C. Prise en charge thérapeutique
1. Mesures générales
alitement systématique à la phase aiguë en attendant l’exploration des vaisseaux
du cou et des artères cérébrales (par échodoppler et doppler transcranien ou
angioscanner ou angio-IRM)
surveillance rapprochée : neurologique, recherche de troubles de la déglutition (et
dans ce cas pose de sonde naso-gastique), surveillance de la pression artérielle qui
est à respecter à la phase aigüe de l’AVC (traitement si TA >220/120 mm Hg pour
un IC non thrombolysé et >185/110 mm Hg si HIC ou si IC thrombolysé), recherche
de troubles du rythme cardiaque dont la fibrillation auriculaire, surveillance de la
température (car l’hyperthermie est neurotoxique), surveillance saturation oxygène
(car l’hypoxie est neurotoxique, traiter l’hypoxémie), surveillance de la glycémie et
traitement des hyper/hypoglycémies.
2. Thrombolyse
La thrombolyse par rt-PA (ACTILYSE®) par voie intraveineuse est indiquée dans un
délai de moins de 4H30 après l’installation des symptômes. La décision de
thrombolyse doit être prise par un médecin spécialisé en pathologie neurovasculaire
ou un médecin titulaire du DIU neuro-vasculaire après évaluation des contreindications. L’indication de thrombolyse des IC repose sur un concept qui est celui
de préserver la zone de pénombre qui correspond à la zone cérébrale en
souffrance qui n’est pas encore nécrosée. Or, le tissu cérébral est sensible à
l’hypoxie ce qui implique une nécessité absolue de recanaliser l’artère en cause le
plus vite possible dès la constitution du déficit. Cette contrainte de temps (« Time is
brain »), impose de limiter des délais à chaque niveau de la prise en charge que ce
soit en pré-hospitalier ou en intra-hospitalier. La première étape passe par
l’information du grand public sur les signes et symptômes d’AVC (faiblesse d’un
hémicorps, difficultés d’élocution, ou troubles visuels d’apparition brutale) et sur la
conduite à tenir qui consiste à composer le 15. Actuellement en France moins de
10% des IC ont accès au traitement par thrombolyse car les délais sont encore trop
longs. Les nouvelles techniques de recanalisation par neuroradiologie
interventionnelle consistant à capter le caillot par voie endovasculaire représentent
une des perspectives d’avenir dans la prise en charge des IC.
3. Traitement anti thrombotique
L’Aspirine 160-300 mg/jour (ou le Clopidogrel 75 mg/j si contre-indications à
l’Aspirine) est indiquée dès le diagnostic d’IC ou d’AIT confirmé ou 24h après la
thrombolyse pour prévenir une récidive précoce d’IC. Le traitement par héparine
non-fractionnée ou par HBPM à dose efficace n’est pas un traitement de première
intention à la phase aiguë de l’IC mais peut être discuté au cas par cas dans des
situations particulières (cardiopathie emboligène, dissection extra-crânienne par
exemple en respectant les contre-indications). En cas d’alitement ou de déficit
moteur d’un membre inférieur : indication d’un traitement par HBPM à dose
préventive (même en cas d’HIC) pour éviter les thromboses veineuses périphériques.

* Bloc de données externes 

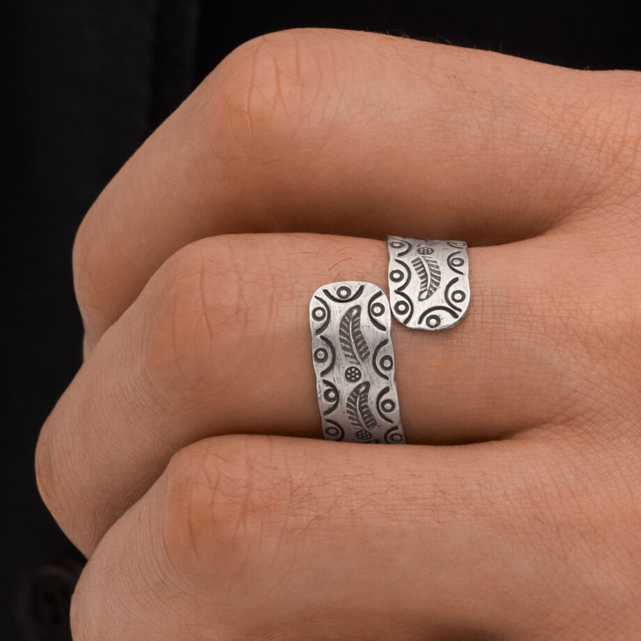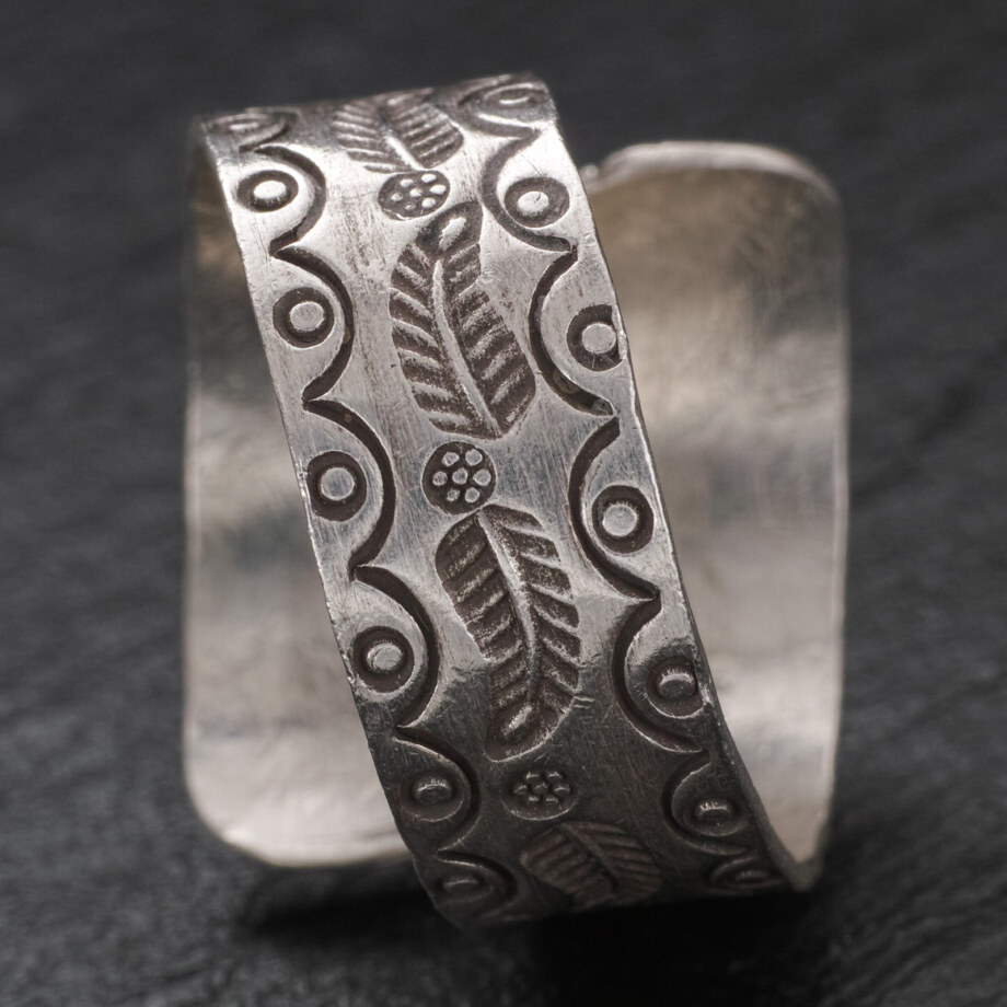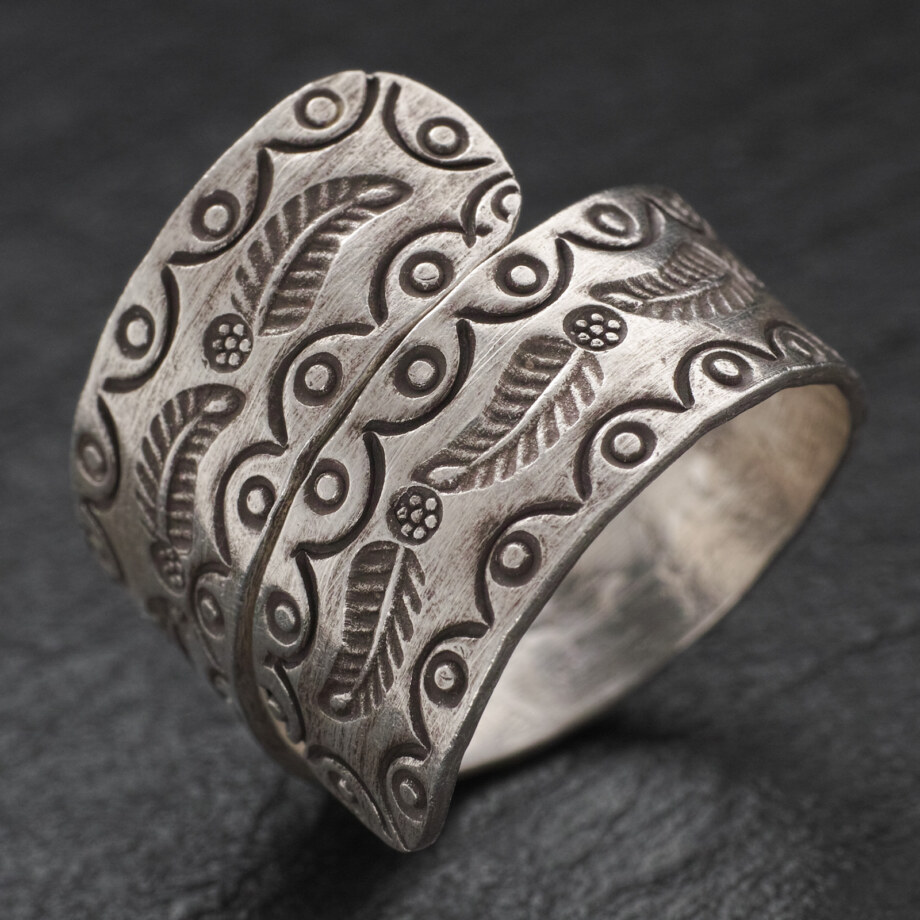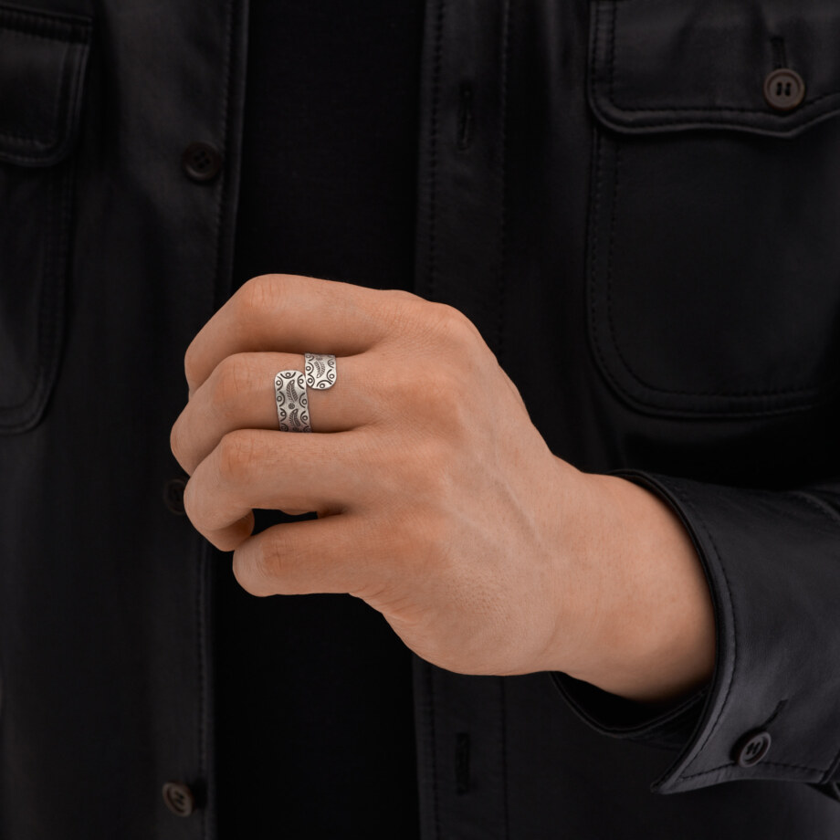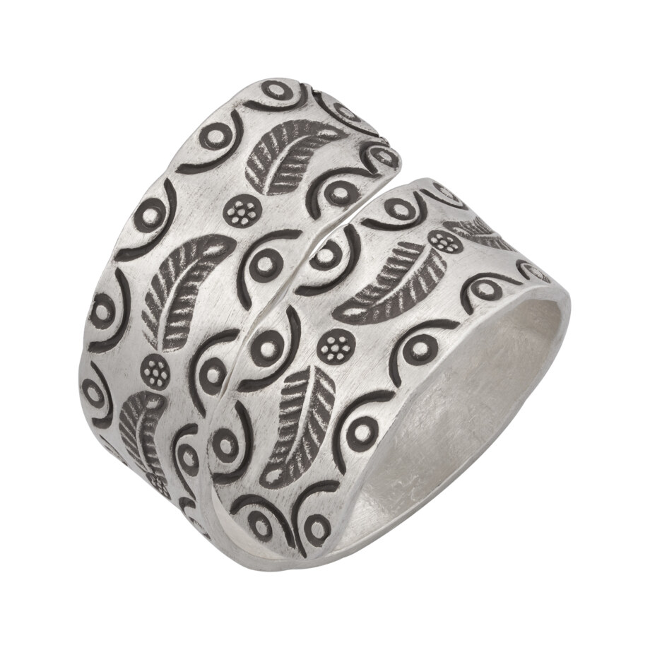 羽根の文様が端から端まで一面ぐるりと取り囲む、平打ちのカレンシルバーリングです。
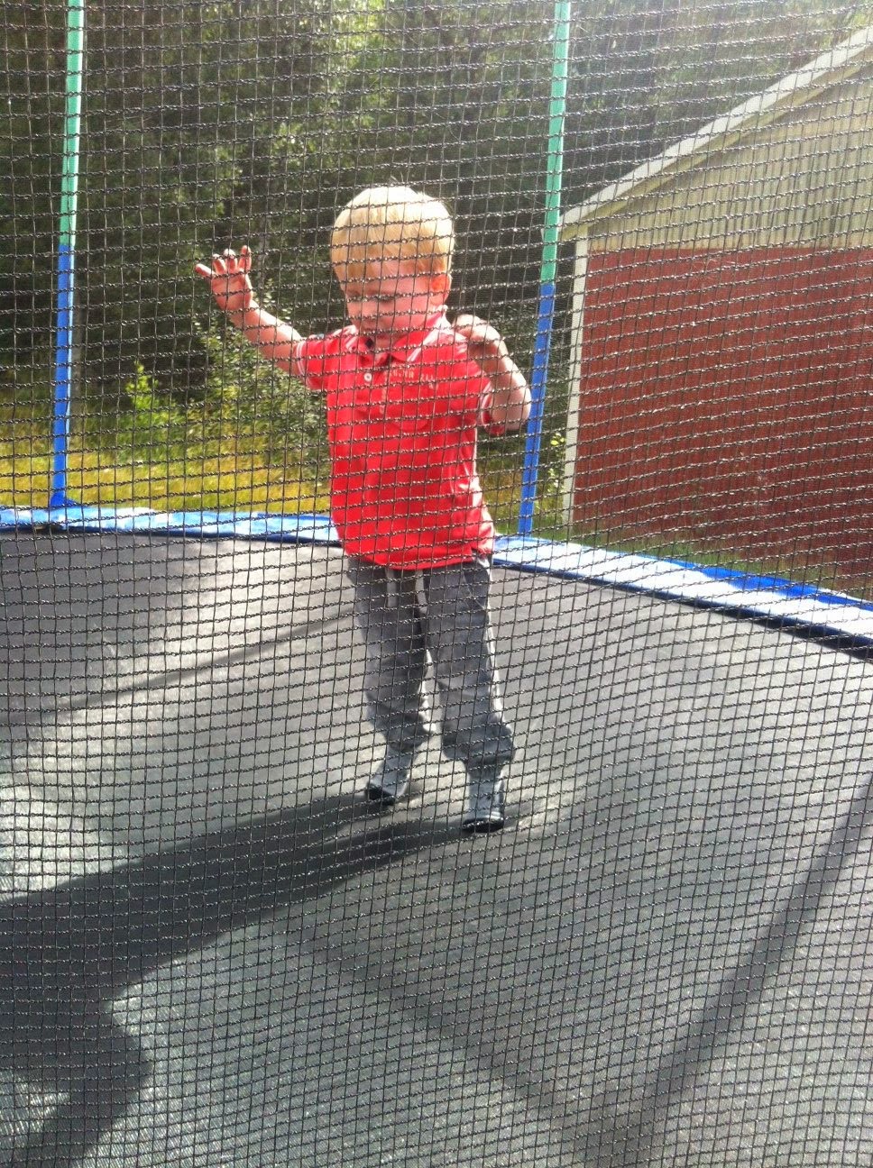 Sedan fick han syn på studsmattan. Frågade om lov och hoppade, hoppade och hoppade. Minst en timma höll han på. Jag hade aldrig orkat! 🙂
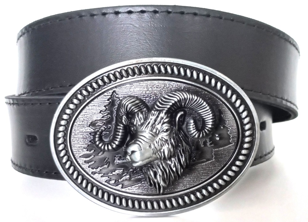 Pásek z černé hovězí kůže se starostříbrnou přezkou s mysliveckým motivem s muflonem.
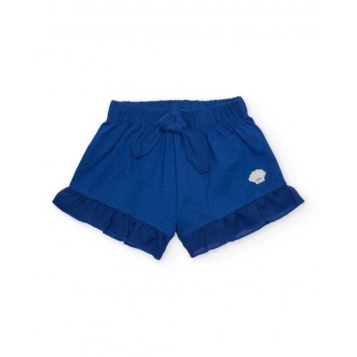 deep blue shorts include an elasticated waistband for a comfortable fit and a ruffle at the hem
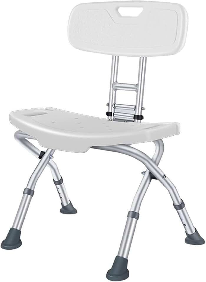 Folding Shower Seat, Height Adjustable Lightweight Shower Chair Elderly Disabled Backrest Non-Slip Rubber Feet Bath Stool Shower Stool
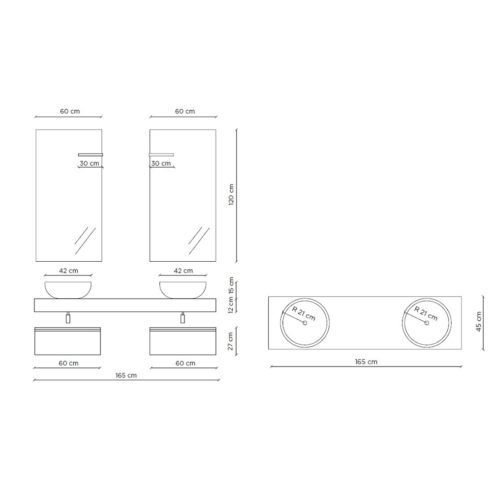 Compozitie baie compusa din: 2 lavoare din rasina alba mata sprijinite pe un blat din stejar de culoarea mierii, 2 baze din melaminat alb lucios rezistent la zgarieturi si 2 oglinzi cu lampa LED.
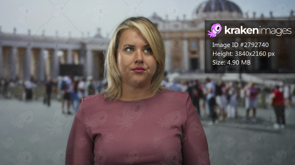 Young blonde woman covers mouth with hand on street with vatican facade visible under clear sky; surprise reaction culture.
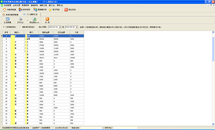 好好用財務出納記賬系統發布V2.6(Build 374)下載地址:http://m.hzyouth.org.cn/download/FPSetup_Msde.exe更新內容:(2010-09-06)1、解決英文操作系統或未采用默認日期格式,比如日期間隔符采用/(2010/9/6)時,新增憑證、新增應收應付款時報錯的問題。2、個人借款統計,增加欠款統計功能,此功能與個人借款匯總功能的不同在于:欠款情況
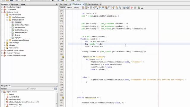 In this tutorial you will learn how to display employee username after logging in. Its a great idea for a payroll system, since you can see every employee is doing what. public static String empname; String username = rs.getString("username"); Emp.empname = username; lbl_emp.setText(String.valueOf(Emp.empname).toString()); Project Scope This is an introduction of a simple Java Employee Payroll Management System (Payroll System) using SQLITE database that was developed using Java Netbeans. Furthermore the use of GUI components to achieve this project are as follows: JButton,JTable,IText,JComboBox, JLabel,JRadioButton, JFrame,JPanel,Image Icons, JTextField. Functions used Add Record Deleted Record Update Record Clear Fields Login Logout Date & Time PDF Objective of Java Payroll Project Employee Management System. The main objective of the Java Project on Payroll Management System is to manage the details of Employees, Payments, Salary. It also manages all information about the Employee, Payroll and Salary Slips. The project is totally built at administrator end of things. Only the administrator is guaranteed the access. The purpose of the project is to build an application that reduces the manual work and it can be used as a school project. Functionalists provided by the Java Project on Employee Payroll Management System. 1- Provides search facility such as searching for Employees, Salaries and reports. 2- Tracks all salaries and employee payments. 3- Stores all information about employees to a secure Sql database. 4- Generates reports using iText. 5- Manages all information of Employees. 6- Simple GUI. 7- Editing, adding, deleting and updating records couldn't be easier. 8- Manages all information of employees salaries. 9- Uploading Pictures of Employees. 10- Audit Trail to monitor activities. 11- Manages all information of employee payslips. 12- Manages all information of employee allowance. 13- Manages all information of employee deduction. Report generation. 1- It generates reports of all employees, Payments and salary slips. 2- You can easily export PDF for employee , Payroll, Payslips , Allowance and deduction records. 3. Save PDF to any location. Download Files here: https://www.dropbox.com/s/ps6zvfz158yqtvp/Employee%20Payroll.rar?dl=0 #java tutorial for beginners #java tutorial Thanks for watching.

Après la phase aiguë (au-delà de 48 heures), si l’IC est d’origine
athéromateuse : Aspirine 75-325 mg/jour ou Clopidogrel 75 mg/jour. Si
l’origine est cardio-embolique : les AVK sont la référence et les nouveaux
anticoagulants oraux l’alternative en cas de fibrillation atriale non-valvulaire.
4. Corrections des facteurs de risque cardio-vasculaires (recommandations
HAS, juillet 2014)
Après la phase aiguë l’objectif tensionnel post-AVC est une PA <140/90 (privilégier
les diurétiques thiazidiques, les IEC et les inhibiteurs calciques). Un hypolipémiant
sera donné en cas d’IC non cardio-embolique avec un objectif de LDL<1g/l
(privilégier les statines). Concernant le diabète l’objectif est une HbA1c ≤ à 8% si
diabète de type II et ≤ à 7% en cas de diabète de type I. Le sevrage du tabac et de
l’alcool sont préconisés tout comme la réduction pondérale si nécessaire.